Displaying eight targets arranged around the edge, and a central target, the goal of the game is to perform reaching movements towards the indicated target and the whole cycle of movements traces a star-like pattern.

A single file represents a single reaching movement. Each movement is represented by time offsets, positions, velocities and forces being collected at 200Hz.

Given some performance data, a preliminary goal was to distinguish between left and right hemiparesis. Towards such a goal, an entire cycle was considered an instance of the dataset, having left or right as the desired output, also called a label. However, since each patient have a particular physical condition to perform the exercise, there is time dependency, entailing instances with variable sizes.

With the purpose of eliminating such an issue, for each instance, statistical moments were calculated over the distribution of each column for feature extraction. Composed by mean, standard deviation, skewness and kurosis of positions, velocities and forces, instances now have a fixed size, no longer leaning on time domain.

Through visual inspections of the subspaces, some attributes presented a quite good discriminative aspect related to left and right hemiparesis. Even in single dimensions there can be observed a proneness to separability.

Before submitting the dataset to classification algorithms, some attributes were selected based on its entropies, as well as correlations to the labels. The final dataset is composed of eight attributes, and the label. It encompasses 257 instances of the sixteen patients, being 132 and 125 instances respectively labeled as left and right hemiparesis.

Regarding classification, some candidate algorithms were selected and ranges were assigned to each of its parameters, performing a grid search in order to fetch the model that best fits the dataset. A 10-fold cross validation was performed at each search iteration, avoiding to fetch an overfitted model.

Results and discussion

The best model fitted data with an accuracy of 94%, which is a considerable outcome. However, the interesting part lies in the number of hyperplanes of the model. A single neuron was able to perform a good classification, which gives a core insight: This strong evidence of linear separability leads to the use of a Support Vector Machine that will certainly perform better generalization.

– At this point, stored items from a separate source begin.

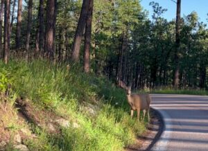 Unser erstes Ziel war die Wildlife Loop Road im State Park, die durch offene Prärie führt, auf der zahlreiche Wildtiere leben. Das erste Reh tauchte bereits kurz vor der Parkeinfahrt auf ? und sollte für eine ganze Weile unsere einzige Begegnung mit einem> Wildtier bleiben. Hatten die Tiere sich von der Straße zurückgezogen? Und waren wir vergeblich so früh aufgestanden, um sie zu sehen? Doch zuletzt tauchten sie doch noch auf, zuerst einige Gabelböcke, die vor unserem> Wagen die Straße überquerten, dann trafen wir auf eine Gruppe Bisons, die ebenfalls gerade die Straßenseiten wechselten, und bevor wir den Park wieder verlassen haben, sahen wir noch eine riesige Kolonie von Präriehunden. Insgesamt ein em>pfehlenswerter Abstecher.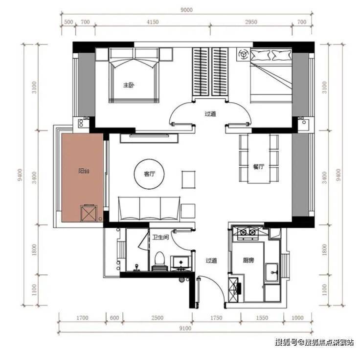 图三:94m² 三房两厅两卫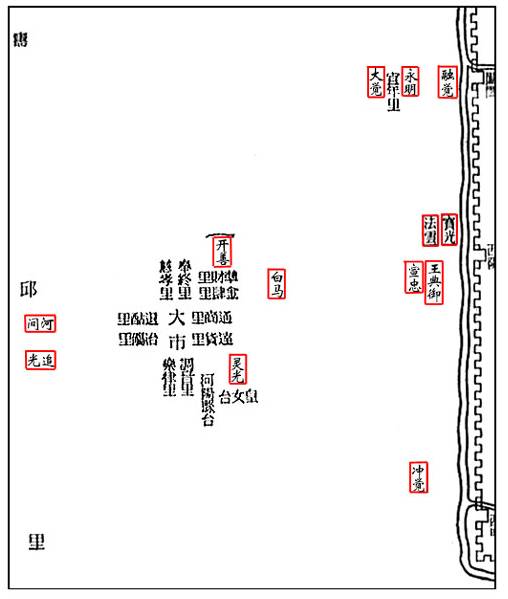 出西陽(yáng)門外四里,御道南有洛陽(yáng)大市,周回八里。市南有皇女臺(tái),漢大將軍梁冀所造,猶高五丈馀。景明中,比丘道恒立靈仙寺於其上。臺(tái)西有河陽(yáng)縣臺(tái),東有侍中侯剛宅。市西北有土山魚池,亦冀之所造,即漢書所謂:"采土筑山,十里九阪,以象二崤"者。

From a not-so-thorough inspection of some subspaces, one observes an intersection between instances of different labels, which leads to an uncertainty in classification, since the model output at the background has a smooth change between classes along the space.

So far, improvements towards sharpening this change would bring no considerable benefits. In fact, uncertainty can be interpreted as the state of rehabilitation, when an individual recovered so well that it is no longer wise to assure regarding paresis impairments.

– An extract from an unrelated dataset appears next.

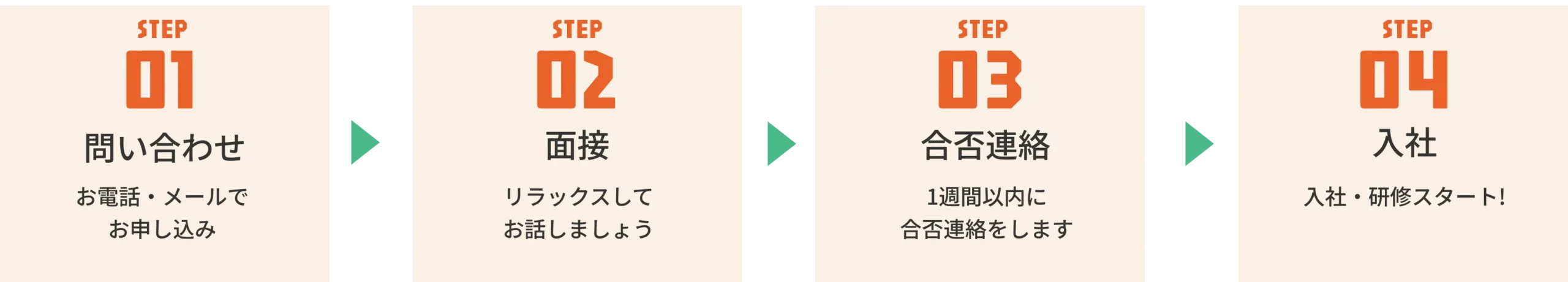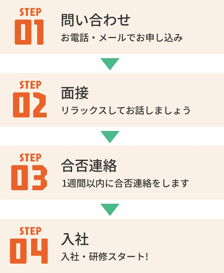先輩スタッフがひとつひとつ丁寧に教えるので、未経験の方も着実に成長できます。

Now this uncertainty carries the core of this research project, raising an initial hypothesis: There is a space whose components, arising from kinematic and dynamic measures, allows the mapping of the state of rehabilitation.

When isolating patients, for example, there can be seen performance, in the obtained space, given by points, which are the aforementioned cycle of movements performed on one or more sessions. A hypothesis will be formally defined along the study of the convergence of these points towards the hyperplane, or in other words, whether the distance from instances to the hyperplane decreases over time.


C. B. Moretti, R. C. Joaquim, T. T. Terranova, L. R. Battistella, S. Mazzoleni and G. A. P. Caurin, “Knowledge Discovery strategy over patient performance data towards the extraction of hemiparesis-inherent features: A case study,” 2016 6th IEEE International Conference on Biomedical Robotics and Biomechatronics (BioRob), Singapore, 2016, pp. 717-722.

C. B. Moretti, R. C. Joaquim, G. A. P. Caurin, H. I. Krebs and J. Martins, “Knowledge discovery, rehabilitation robotics, and serious games: Examining training data,” 5th IEEE RAS/EMBS International Conference on Biomedical Robotics and Biomechatronics, Sao Paulo, 2014, pp. 567-572.

Moretti, C. B. (2016). Análise de grandezas cinemáticas e dinâmicas inerentes à hemiparesia através da descoberta de conhecimento em bases de dados. Master’s Dissertation, Escola de Engenharia de São Carlos, University of São Paulo, São Carlos.